▶ **TASK TO COMPLETE**
Please print every record exactly as it stands, leaving out the pictures.

[Source records]
********
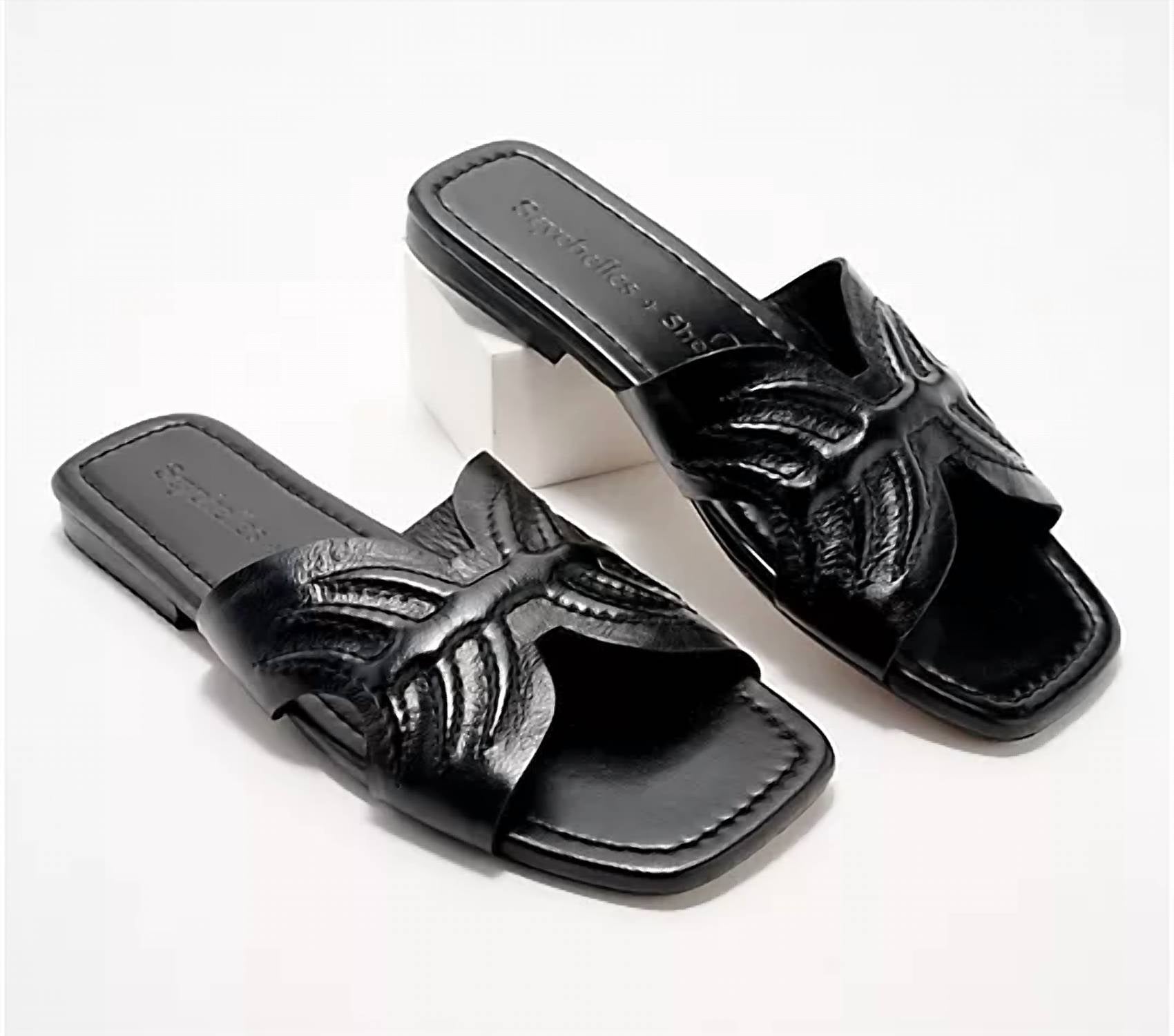 Experience the quiet luxury, meticulously crafted from burnished leather in a chic black. Feature a comfortable slip-on design with an open square toe and distinctive OrthoLite foam insoles for all-day comfort. With a flat heel of approximately 1" and a leather upper/lining paired with a man-made outsole. Perfect for any spring occasion, from holiday parties to sunny promenades. Embrace the boho chic trend with this versatile addition to your wardrobe.
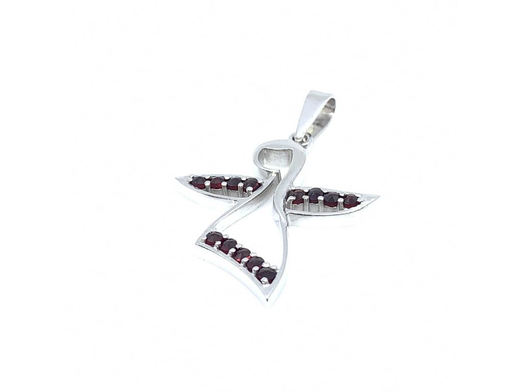 Dámský přívěsek ze stříbra (925/1000) má tvar anděla, který je po obvodu hladký. V dolní části a na křídlech jsou malé České granáty. Ke šperku obdržíte certifikát o pravosti kamene. Povrchová úprava rhodium poskytuje šperku ochranu proti oxidaci. Všechno naše zboží je označeno puncovními značkami uznanými Puncovním úřadem ČR.Doplňkové parametry
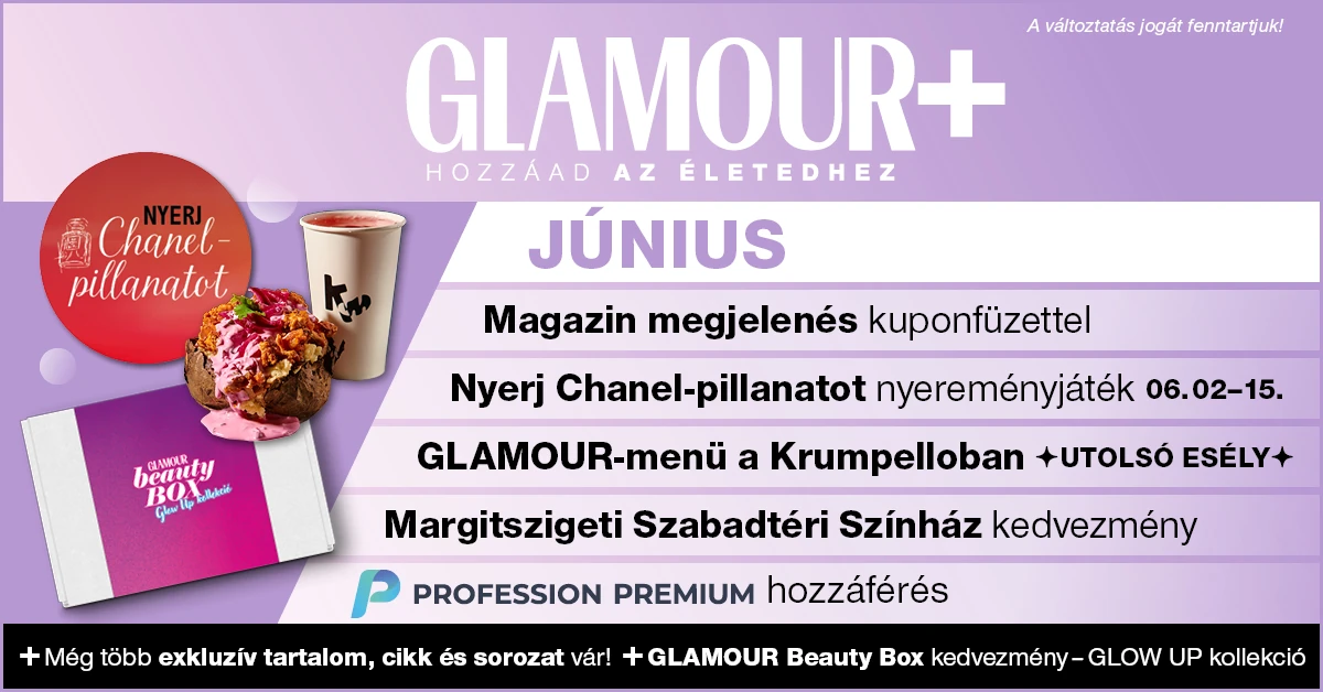 2025. június 1. - 30.🌞 Új hónap, új energiák, új élmények! Csatlakozz hozzánk, mert a GLAMOUR+ közösség tagjaként exkluzív tartalmak, különleges lehetőségek és nyárindító programok várnak rád – egész hónapban! Frissítsd fel a stílusod, mélyedj el az önismeretben, és fedezd fel, milyen izgalmakat tartogat számodra a GLAMOUR Plusz világa júniusban is! 🌴✨
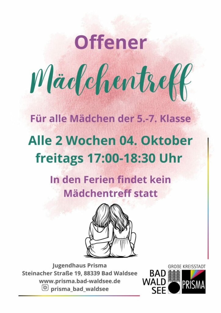 Kontakt: Jugendhaus Prisma, Steinacherstr.19, 88339 Bad Waldsee, www.prisma.bad-waldsee.de
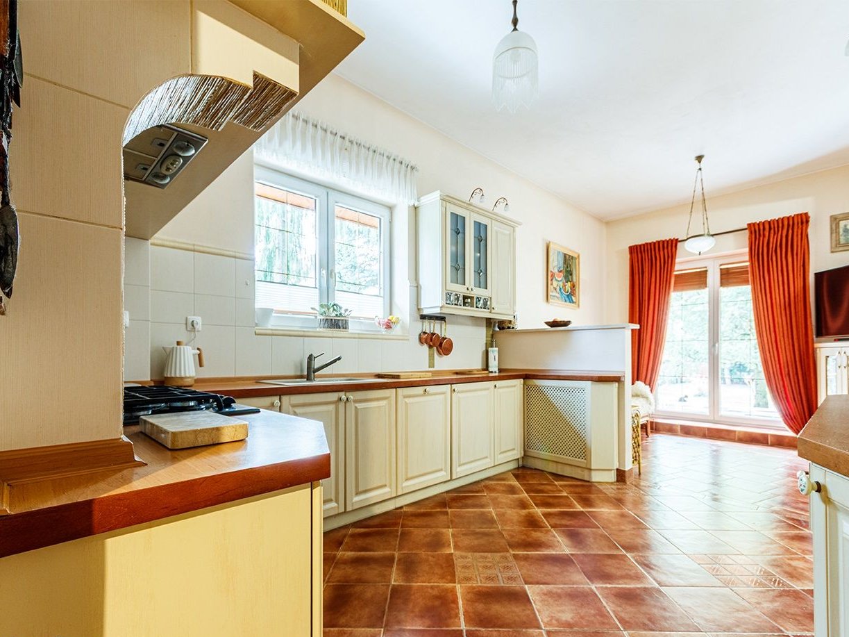 Dom usytuowany jest w spokojnej, podmiejskiej lokalizacji. W okolicy znajdziesz las i jezioro, idealne na spacery. W pobliżu znajdują się sklepy i restauracje, takie jak "Yacht Club" oraz "U Ani", a także sławny hotel Warszawianka. Komunikacja jest dobrze rozwinięta, z przystankami autobusowymi w niedalekiej odległości.
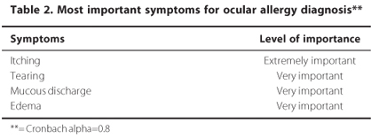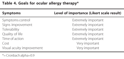 The panelists were questioned on the following goals for the ocular allergy therapy: control of signs and symptoms and tolerability to medications. The degree of importance agreed among the panelist is presented on table 4.
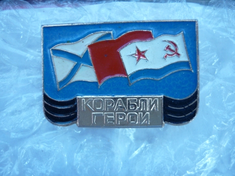 Из серии " КОРАБЛИ ГЕРОИ" -серия из 12 значков и (головного жетона-три флага).
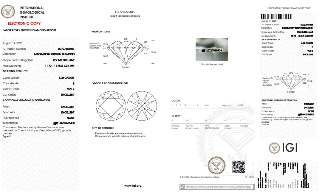 DIAMANTE LAB-GROWN 6,02 CT - E - VVS2 – IGI
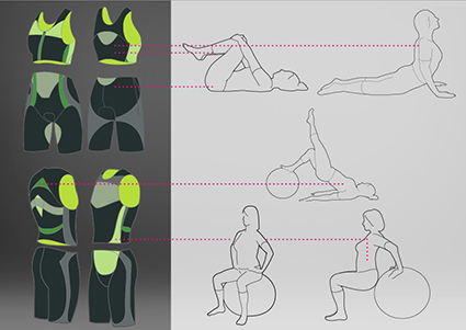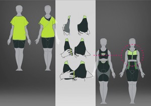 Per tutte queste ragioni abbiamo pensato a degli abiti studiati appositamente per i Senior, tenendo conto dei bisogni e delle esigenze di un pubblico adulto anche dal punto di vista fisico e percettivo, progettando così abiti comodi, versatili, capaci di proteggere il fisico senza costringerlo ma garantendogli sempre la più totale libertà. Abbiamo progettato dei tessuti e delle finiture che presentano determinate texture tattili capaci di agire a livello cutaneo proprio dove avviene il lavoro muscolare profondo, in modo da amplificare le sensazioni provate durante l’attività fisica e quindi riuscire a far coscientizzare l’esercizio e la motricità all’utente. Oltre ad un approccio tecnico e percettivo sui materiali abbiamo deciso di integrare direttamente nelle fibre dei tessuti dei sensori flessibili capaci di rilevare battiti, pressione, temperatura corporea e lavoro muscolare, e di inviare continui feedback ad unico device portatile, in modo da avere sempre sotto controllo il proprio corpo durante la pratica sportiva e non solo.
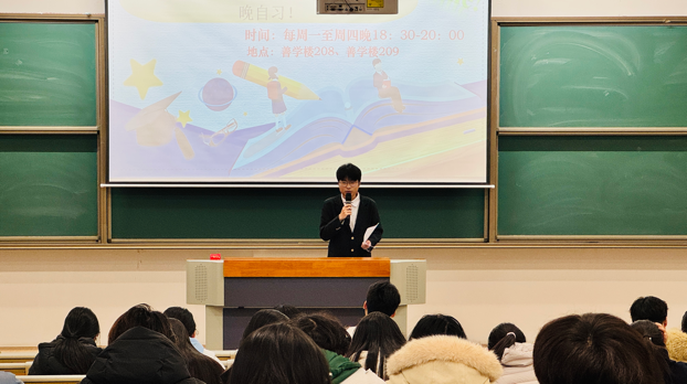 本次宣讲会率先聚焦晚自习与周读特色学习项目开展专项介绍与启动部署。余浩宇同学详细讲解“转本之家”晚自习的开展形式、时间地点与核心价值,覆盖英语四级、三级半及专转本英语备考,兼顾转本全科目学习需求,为学子升学备考筑牢基础。
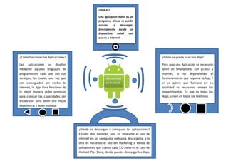 El documento habla sobre aplicaciones móviles. Explica que una aplicación móvil es un programa que se puede acceder o descargar directamente desde un dispositivo móvil con acceso a internet. Detalla que para usar una aplicación se necesita un smartphone con acceso a internet y conocer los requerimientos de cada aplicación. Además, comenta que las aplicaciones se diseñan usando lenguajes de programación y piden permisos para funcionar mejor aprovechando las capacidades del dispositivo. Por último, señala que las aplicaciones se pueden descargar desde internet o ti
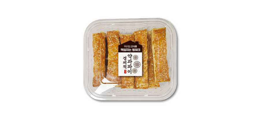 ‘경제적 베이커리’ 프로젝트의 두번째 제품인 ‘경제적 약과파이’는 약과 특유의 꾸덕한 식감과 파이의 바삭함을 접목한 이색 디저트이다. 먹기 좋은 스틱형 파이에 생강과 계피의 풍미가 느껴지는 달콤한 조청 코팅을 씌우고 그 위에 참깨를 올려 고소한 맛을 더했다.
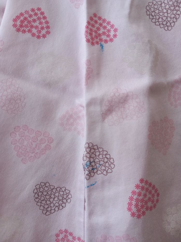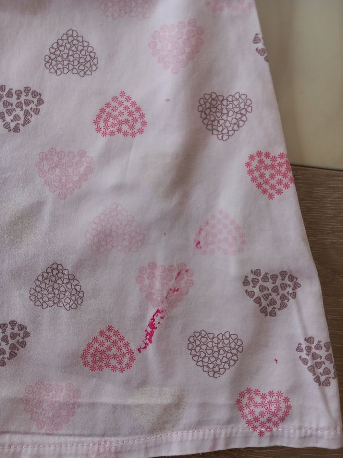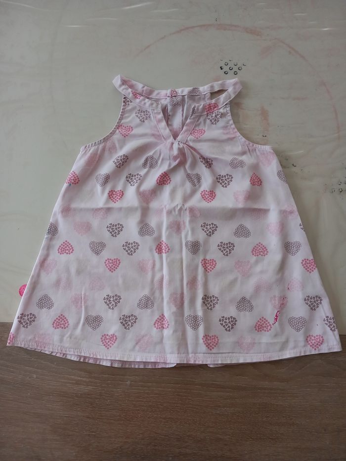Robe rose légère à motif de cœur Pression dans le dos 2 traces de peinture rose et bleu (voir photos) Taille 18 mois
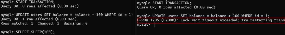 -- 事务A -- 开始事务 START TRANSACTION; -- 更新用户1的余额(获取行锁) UPDATE users SET balance = balance - 100 WHERE id = 1; -- 模拟长事务:等待60秒(不提交事务) SELECT SLEEP(60); -- 事务B -- 开始事务 START TRANSACTION; -- 尝试更新用户1的余额(等待事务A释放锁) UPDATE users SET balance = balance + 100 WHERE id = 1;
********
▶ **ANSWER BOX**
 Experience the quiet luxury, meticulously crafted from burnished leather in a chic black. Feature a comfortable slip-on design with an open square toe and distinctive OrthoLite foam insoles for all-day comfort. With a flat heel of approximately 1" and a leather upper/lining paired with a man-made outsole. Perfect for any spring occasion, from holiday parties to sunny promenades. Embrace the boho chic trend with this versatile addition to your wardrobe.
 Dámský přívěsek ze stříbra (925/1000) má tvar anděla, který je po obvodu hladký. V dolní části a na křídlech jsou malé České granáty. Ke šperku obdržíte certifikát o pravosti kamene. Povrchová úprava rhodium poskytuje šperku ochranu proti oxidaci. Všechno naše zboží je označeno puncovními značkami uznanými Puncovním úřadem ČR.Doplňkové parametry
 2025. június 1. - 30.🌞 Új hónap, új energiák, új élmények! Csatlakozz hozzánk, mert a GLAMOUR+ közösség tagjaként exkluzív tartalmak, különleges lehetőségek és nyárindító programok várnak rád – egész hónapban! Frissítsd fel a stílusod, mélyedj el az önismeretben, és fedezd fel, milyen izgalmakat tartogat számodra a GLAMOUR Plusz világa júniusban is! 🌴✨
 Kontakt: Jugendhaus Prisma, Steinacherstr.19, 88339 Bad Waldsee, www.prisma.bad-waldsee.de
 Dom usytuowany jest w spokojnej, podmiejskiej lokalizacji. W okolicy znajdziesz las i jezioro, idealne na spacery. W pobliżu znajdują się sklepy i restauracje, takie jak "Yacht Club" oraz "U Ani", a także sławny hotel Warszawianka. Komunikacja jest dobrze rozwinięta, z przystankami autobusowymi w niedalekiej odległości.
 The panelists were questioned on the following goals for the ocular allergy therapy: control of signs and symptoms and tolerability to medications. The degree of importance agreed among the panelist is presented on table 4.
 Из серии " КОРАБЛИ ГЕРОИ" -серия из 12 значков и (головного жетона-три флага).
 DIAMANTE LAB-GROWN 6,02 CT - E - VVS2 – IGI
 Per tutte queste ragioni abbiamo pensato a degli abiti studiati appositamente per i Senior, tenendo conto dei bisogni e delle esigenze di un pubblico adulto anche dal punto di vista fisico e percettivo, progettando così abiti comodi, versatili, capaci di proteggere il fisico senza costringerlo ma garantendogli sempre la più totale libertà. Abbiamo progettato dei tessuti e delle finiture che presentano determinate texture tattili capaci di agire a livello cutaneo proprio dove avviene il lavoro muscolare profondo, in modo da amplificare le sensazioni provate durante l’attività fisica e quindi riuscire a far coscientizzare l’esercizio e la motricità all’utente. Oltre ad un approccio tecnico e percettivo sui materiali abbiamo deciso di integrare direttamente nelle fibre dei tessuti dei sensori flessibili capaci di rilevare battiti, pressione, temperatura corporea e lavoro muscolare, e di inviare continui feedback ad unico device portatile, in modo da avere sempre sotto controllo il proprio corpo durante la pratica sportiva e non solo.
 本次宣讲会率先聚焦晚自习与周读特色学习项目开展专项介绍与启动部署。余浩宇同学详细讲解“转本之家”晚自习的开展形式、时间地点与核心价值,覆盖英语四级、三级半及专转本英语备考,兼顾转本全科目学习需求,为学子升学备考筑牢基础。
 El documento habla sobre aplicaciones móviles. Explica que una aplicación móvil es un programa que se puede acceder o descargar directamente desde un dispositivo móvil con acceso a internet. Detalla que para usar una aplicación se necesita un smartphone con acceso a internet y conocer los requerimientos de cada aplicación. Además, comenta que las aplicaciones se diseñan usando lenguajes de programación y piden permisos para funcionar mejor aprovechando las capacidades del dispositivo. Por último, señala que las aplicaciones se pueden descargar desde internet o ti
 ‘경제적 베이커리’ 프로젝트의 두번째 제품인 ‘경제적 약과파이’는 약과 특유의 꾸덕한 식감과 파이의 바삭함을 접목한 이색 디저트이다. 먹기 좋은 스틱형 파이에 생강과 계피의 풍미가 느껴지는 달콤한 조청 코팅을 씌우고 그 위에 참깨를 올려 고소한 맛을 더했다.
Robe rose légère à motif de cœur Pression dans le dos 2 traces de peinture rose et bleu (voir photos) Taille 18 mois
 -- 事务A -- 开始事务 START TRANSACTION; -- 更新用户1的余额(获取行锁) UPDATE users SET balance = balance - 100 WHERE id = 1; -- 模拟长事务:等待60秒(不提交事务) SELECT SLEEP(60); -- 事务B -- 开始事务 START TRANSACTION; -- 尝试更新用户1的余额(等待事务A释放锁) UPDATE users SET balance = balance + 100 WHERE id = 1;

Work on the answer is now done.